PROBLEM TO WORK ON: Omit the images, then repeat the listing exactly.

DATASET SECTION:

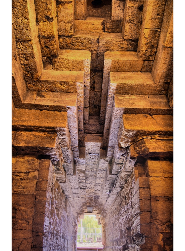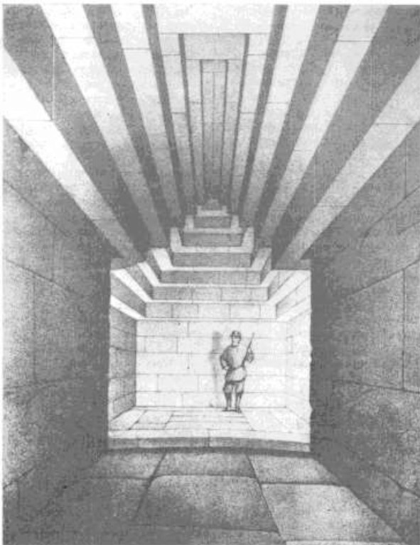 Если смотреть из камеры гробницы в сторону выхода, то создаётся впечатление, что коридор гораздо длиннее, чем на самом деле. Это происходит от того, что толщина блоков, из которых сложены стены, постепенно уменьшается к выходу.
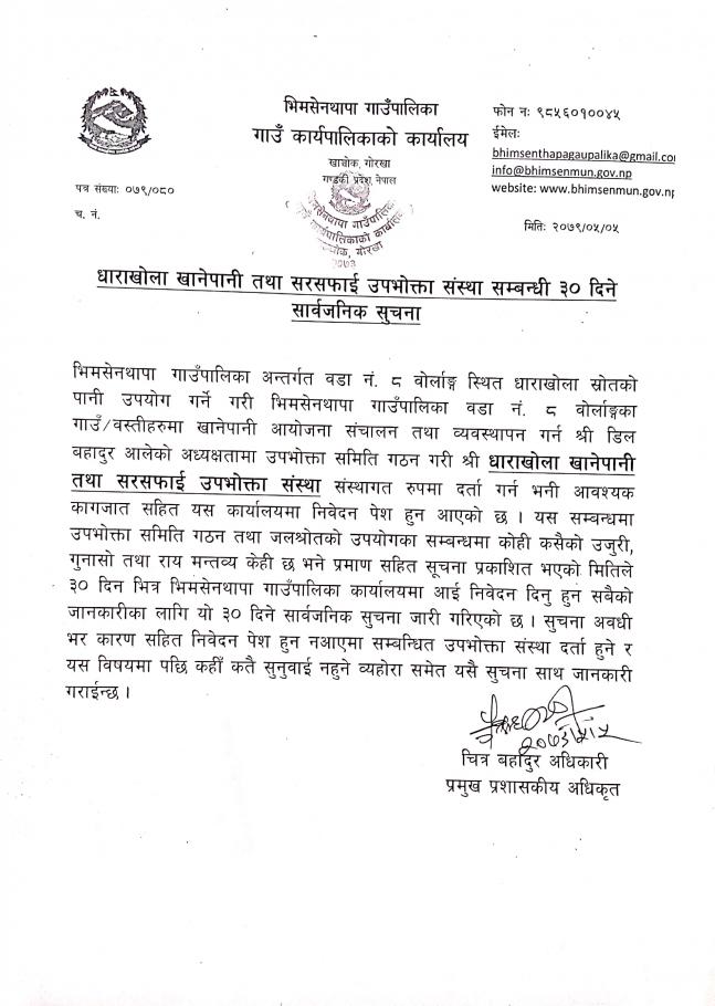 » धाराखोला खानेपानी तथा सरसफाई उपभोक्ता संस्था सम्वन्धी ३० दिने सार्वजानिक सूचना
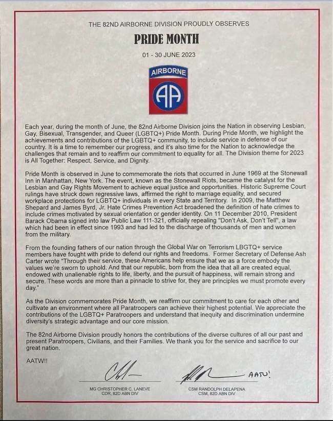 The letter went on to parrot the prevalent themes from critical theory, calling on all members of the famed 82nd Airborne Division to advance the cause of social justice as a “strategic advantage.”
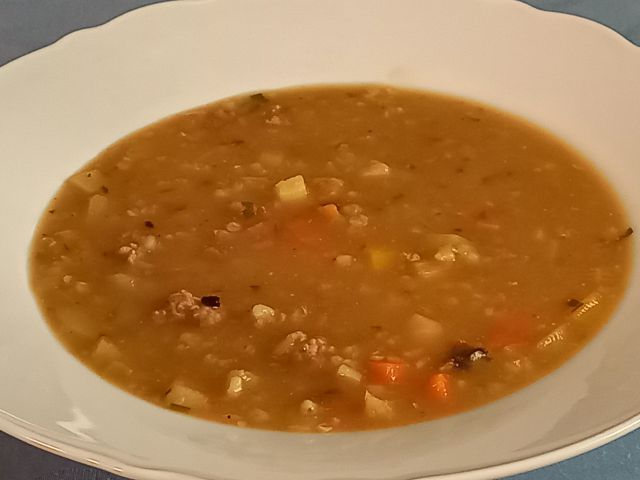 V petek za sina filana paprika iz zaloge, pire krompir. Za naju z možem goveja juha, hrenovka in paradižnikova solata.

REPLY TO THE EXERCISE:
 Если смотреть из камеры гробницы в сторону выхода, то создаётся впечатление, что коридор гораздо длиннее, чем на самом деле. Это происходит от того, что толщина блоков, из которых сложены стены, постепенно уменьшается к выходу.
 » धाराखोला खानेपानी तथा सरसफाई उपभोक्ता संस्था सम्वन्धी ३० दिने सार्वजानिक सूचना
 The letter went on to parrot the prevalent themes from critical theory, calling on all members of the famed 82nd Airborne Division to advance the cause of social justice as a “strategic advantage.”
 V petek za sina filana paprika iz zaloge, pire krompir. Za naju z možem goveja juha, hrenovka in paradižnikova solata.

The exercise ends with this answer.